▸ **INSTRUCTIONS TO FOLLOW**: All entries below need to be written out exactly, but without their pictures.

▸ **EXTRACTED MATERIAL**:
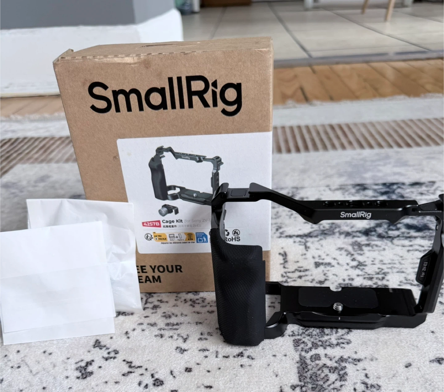 This is a SmallRig 4257B cage kit designed for the Sony ZV-E1 camera. It includes the cage and mounting hardware. The kit is made of metal for durability.
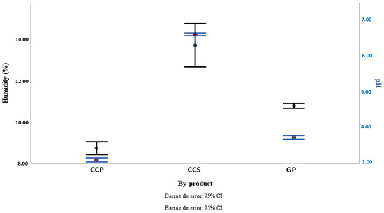 The pH levels of the byproducts were measured with a portable digital potentiometer (HANNA HI 98130) via the 981.12 method of the Association of Official Analytical Chemist [31]. Approximately 1.0 g of each sample was dissolved in 10.0 mL of distilled water, after which the value was recorded.
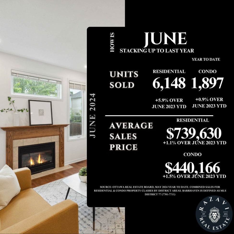 The Ottawa real estate market continues to show strength and resilience as we progress through 2024. The latest statistics for June 2024 provide an insightful glimpse into the market dynamics and trends, comparing the current performance with that of the previous year. Here's a detailed analysis of the residential and condo property market in Ottawa, covering units sold and average sales prices.
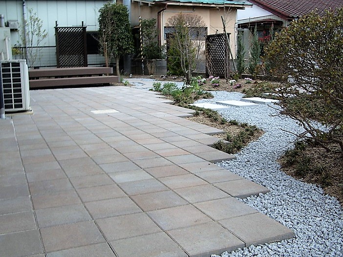 ガーデンテラス、通路、砂利を敷いているところは、除草の心配がなく、植栽スペースを狭くし、手入れしやすい工夫もしています。土の見えるところはグラウンドカバーの宿根草が成長し広がって行くのを期待しています。
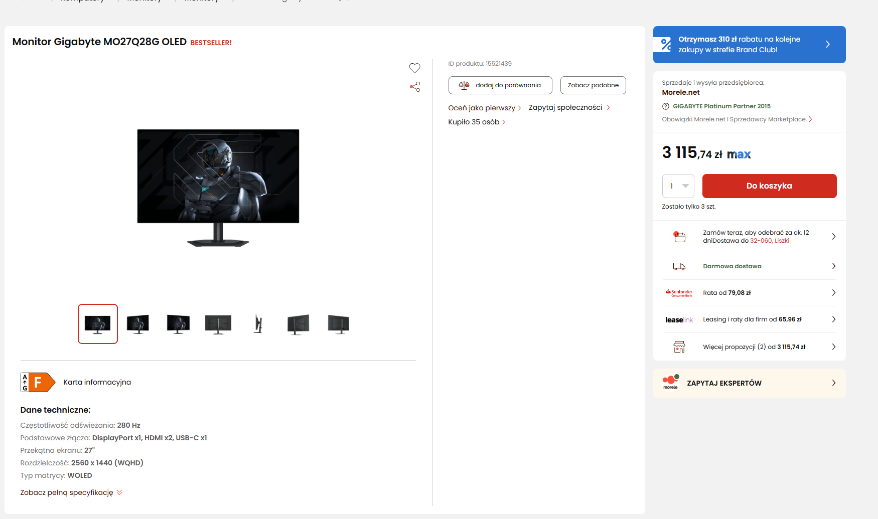 Po moich testach monitorków OLED Miałem WOLED GEN 3 na testy jak i QD-OLED GEN 3, i dopiero Tandem RGB OLED poprawił znacząco rzeczy które mi najbardziej przeszkadzały. Czcionka i jasność , pozatym na tamych meczyly mi sie oczy. Na tym jest zdecydowanie lepiej pod tym wzgledem, przynajmniej dla moich plebejskich oczu. Jak kupowałem monitorek ips 5 lat temu tez musialem przerobic kilka modeli aby trafic na taki ktory mnie nie meczy Chyba ze chodziło ci o ASUS ROG Strix XG27AQWMG. Powinien być niedługo dostępny, też jest na matrycy Tandem RGB OLED jak MO27Q28G. Niestety bedzie troszeczke drozszy. Najwazniejsze roznice miedzy nimi to powloka. Asus berdzie mial blyszczaca, a Gigabyte ma matową swoją drogą, chciałem tą powłoke bardzo pochwalić. W jasnym pokoju w dzień widze więcej na OLED niz na moim matowym IPS. Kosmos Tu masz je obok siebie

▸ **RESPONSE AREA**:
 This is a SmallRig 4257B cage kit designed for the Sony ZV-E1 camera. It includes the cage and mounting hardware. The kit is made of metal for durability.
 The pH levels of the byproducts were measured with a portable digital potentiometer (HANNA HI 98130) via the 981.12 method of the Association of Official Analytical Chemist [31]. Approximately 1.0 g of each sample was dissolved in 10.0 mL of distilled water, after which the value was recorded.
 The Ottawa real estate market continues to show strength and resilience as we progress through 2024. The latest statistics for June 2024 provide an insightful glimpse into the market dynamics and trends, comparing the current performance with that of the previous year. Here's a detailed analysis of the residential and condo property market in Ottawa, covering units sold and average sales prices.
 ガーデンテラス、通路、砂利を敷いているところは、除草の心配がなく、植栽スペースを狭くし、手入れしやすい工夫もしています。土の見えるところはグラウンドカバーの宿根草が成長し広がって行くのを期待しています。
 Po moich testach monitorków OLED Miałem WOLED GEN 3 na testy jak i QD-OLED GEN 3, i dopiero Tandem RGB OLED poprawił znacząco rzeczy które mi najbardziej przeszkadzały. Czcionka i jasność , pozatym na tamych meczyly mi sie oczy. Na tym jest zdecydowanie lepiej pod tym wzgledem, przynajmniej dla moich plebejskich oczu. Jak kupowałem monitorek ips 5 lat temu tez musialem przerobic kilka modeli aby trafic na taki ktory mnie nie meczy Chyba ze chodziło ci o ASUS ROG Strix XG27AQWMG. Powinien być niedługo dostępny, też jest na matrycy Tandem RGB OLED jak MO27Q28G. Niestety bedzie troszeczke drozszy. Najwazniejsze roznice miedzy nimi to powloka. Asus berdzie mial blyszczaca, a Gigabyte ma matową swoją drogą, chciałem tą powłoke bardzo pochwalić. W jasnym pokoju w dzień widze więcej na OLED niz na moim matowym IPS. Kosmos Tu masz je obok siebie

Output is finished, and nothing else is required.